Notable quotes & lines
- Fidji Simo (OpenAI): “We are very much acting as if it’s a code red.” (all-hands)
- Satya Nadella (Davos): “We will quickly lose even the social permission to actually take something like energy… if these tokens are not improving health outcomes, education outcomes…”
- Hosts’ synthesis: “The industry is asking for so much and they haven't delivered a product people love.”
Key takeaways
- Social permission matters: without clear consumer value or demonstrable public benefits, AI will face sustained opposition.
- Messaging and tone are strategic: alarmist or blame-shifting narratives (doom, “you were lied to,” media blame) erode trust.
- Monetization remains unresolved for many consumer AI services; enterprise adoption is the current safer path for profitability.
- Platform- or hardware-level AI changes (e.g., DLSS 5) that override creators’ choices provoke disproportionate backlash.
- Journalistic rigor is crucial to cut through hype: many viral AI claims are unverified or false; careful reporting matters.
Actionable recommendations (for different audiences)
- For AI companies:
- Prioritize consumer value: build one or two killer experiences that people genuinely want and will pay for.
- Be transparent about resource use and data practices; show concrete public benefits (health, education, government efficiency).
- Avoid sensationalist or fatalistic messaging aimed solely at fundraising.
- For policymakers:
- Seek clear, narrowly tailored rules that preserve press freedom and avoid chilling effects.
- Reward demonstrable public benefits for high-energy/high-data projects (social license criteria).
- For journalists & newsrooms:
- Maintain rigorous verification standards; debunk viral hype quickly and clearly.
- Report both technical strengths and the real-world limitations of AI products.
- For consumers:
- Evaluate AI tools on real utility and privacy trade-offs, not just hype headlines.
- Demand transparency: how was a model trained, what data was used, and what are the costs?

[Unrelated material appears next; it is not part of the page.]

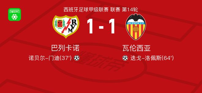 北京時(shí)間12月2日,西班牙足球甲級聯(lián)賽第14輪展開較量,巴列卡諾坐鎮(zhèn)主場迎戰(zhàn)瓦倫西亞。比賽中,貢巴烏送出精準(zhǔn)助攻,幫助諾貝爾-門迪破門得分,為主隊(duì)取得領(lǐng)先。此后瓦倫西亞展開反擊,迭戈-洛佩斯成功攻破對手球門,將比分扳平。雙方均未能再度改寫比分,最終以1比1握手言和。

Episode structure / other segments mentioned
- Hiring plug: Vergecast producer & Decoder supervising producer roles.
- Interview tease: Allison Johnson on Galaxy Z Trifold.
- Lightning round: DLSS 5, debunks of “uploaded fly” and “ChatGPT cured dog’s cancer,” Meta/Metaverse updates, FCC/Brendan Carr free-speech critique.
- Plugged shows: Decoder episodes and Version History podcast.
Final synthesis
The episode argues the core reason “people really hate AI” right now is not a single scandal or a few bad headlines — it’s a systemic mismatch between what AI companies are asking for (compute, data, legal leeway) and what they have given in return (reliable, delightful, money-making consumer products). Until companies produce clear, everyday value or convincingly demonstrate public-good outcomes, public skepticism will persist, and political/regulatory backlash will grow. Journalists and careful reporting have an outsized role in separating hype from reality and highlighting where AI actually improves lives.